DATA PROVIDED
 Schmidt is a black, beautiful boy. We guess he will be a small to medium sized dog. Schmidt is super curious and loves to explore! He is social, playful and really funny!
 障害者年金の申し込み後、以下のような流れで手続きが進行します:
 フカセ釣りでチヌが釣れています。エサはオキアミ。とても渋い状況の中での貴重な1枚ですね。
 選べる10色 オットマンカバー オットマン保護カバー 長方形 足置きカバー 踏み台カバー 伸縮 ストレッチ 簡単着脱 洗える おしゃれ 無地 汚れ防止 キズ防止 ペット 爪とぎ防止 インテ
--
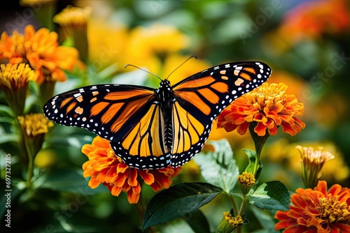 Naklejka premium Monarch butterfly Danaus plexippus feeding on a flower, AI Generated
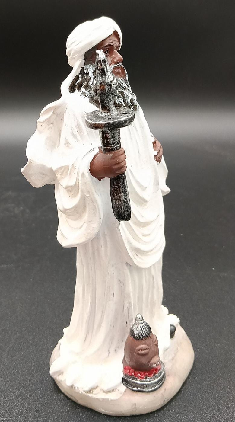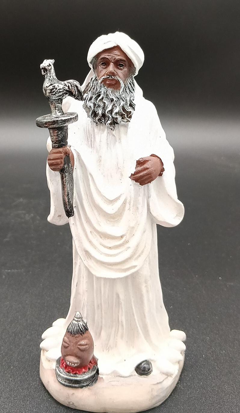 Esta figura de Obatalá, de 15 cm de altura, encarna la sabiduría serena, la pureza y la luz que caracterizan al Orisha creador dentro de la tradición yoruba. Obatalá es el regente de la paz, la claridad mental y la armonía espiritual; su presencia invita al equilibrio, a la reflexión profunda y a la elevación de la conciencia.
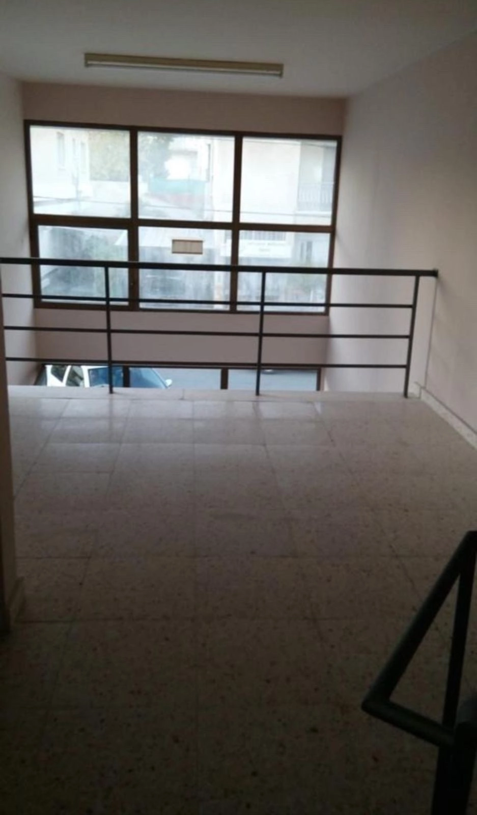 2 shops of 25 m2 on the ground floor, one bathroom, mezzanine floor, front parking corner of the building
==
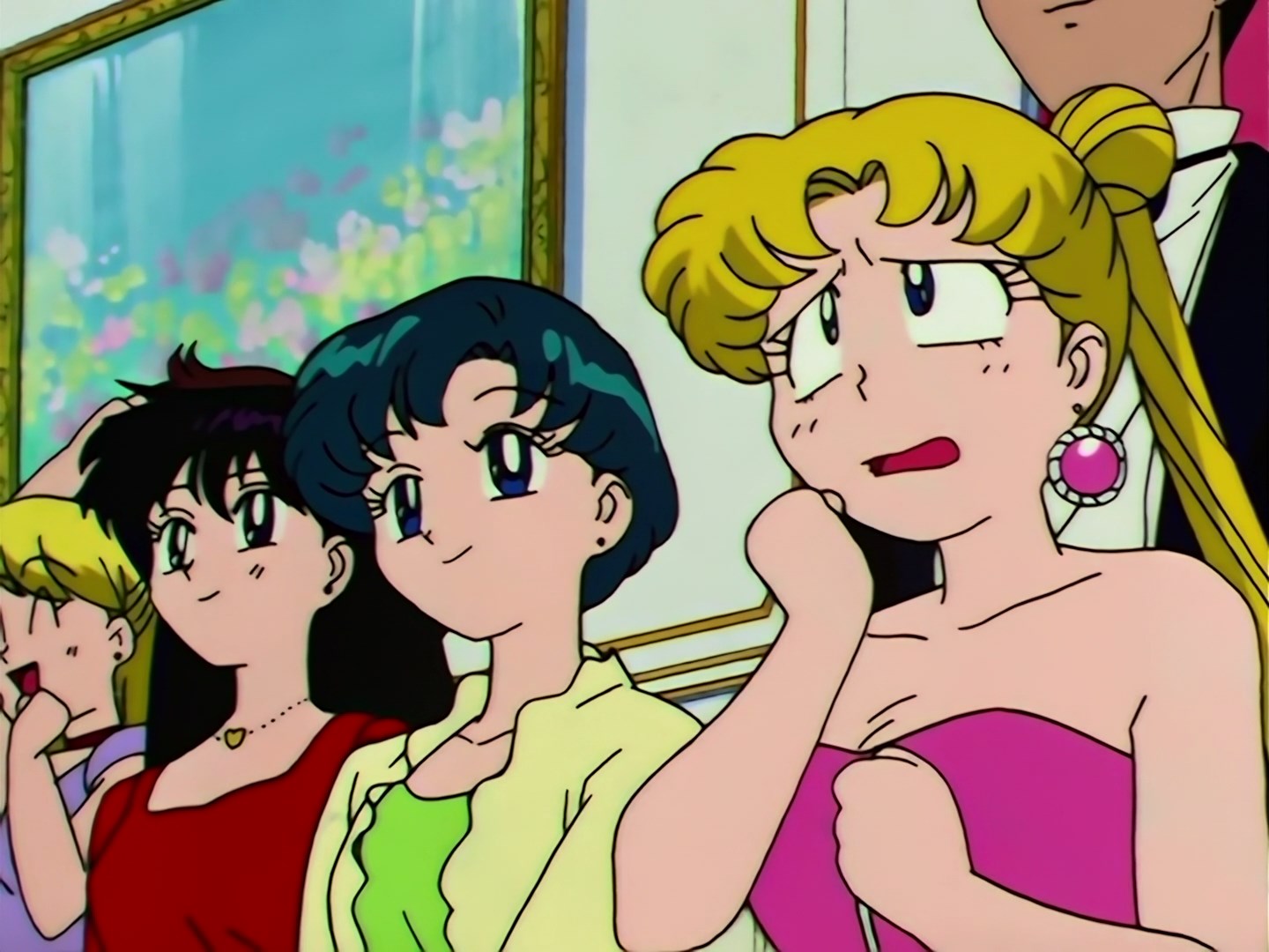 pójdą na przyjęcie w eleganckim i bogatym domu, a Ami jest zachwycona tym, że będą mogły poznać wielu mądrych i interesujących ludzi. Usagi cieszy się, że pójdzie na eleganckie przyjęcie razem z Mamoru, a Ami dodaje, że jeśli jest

TASK TO CARRY OUT
One stretch of the lines above is wanted, from the line that contains "フカセ釣りでチヌが釣れていま" through the line that contains "選べる10色 オットマンカバー オットマン保護カバー". Output it exactly.

PROBLEM SOLUTION
 フカセ釣りでチヌが釣れています。エサはオキアミ。とても渋い状況の中での貴重な1枚ですね。
 選べる10色 オットマンカバー オットマン保護カバー 長方形 足置きカバー 踏み台カバー 伸縮 ストレッチ 簡単着脱 洗える おしゃれ 無地 汚れ防止 キズ防止 ペット 爪とぎ防止 インテ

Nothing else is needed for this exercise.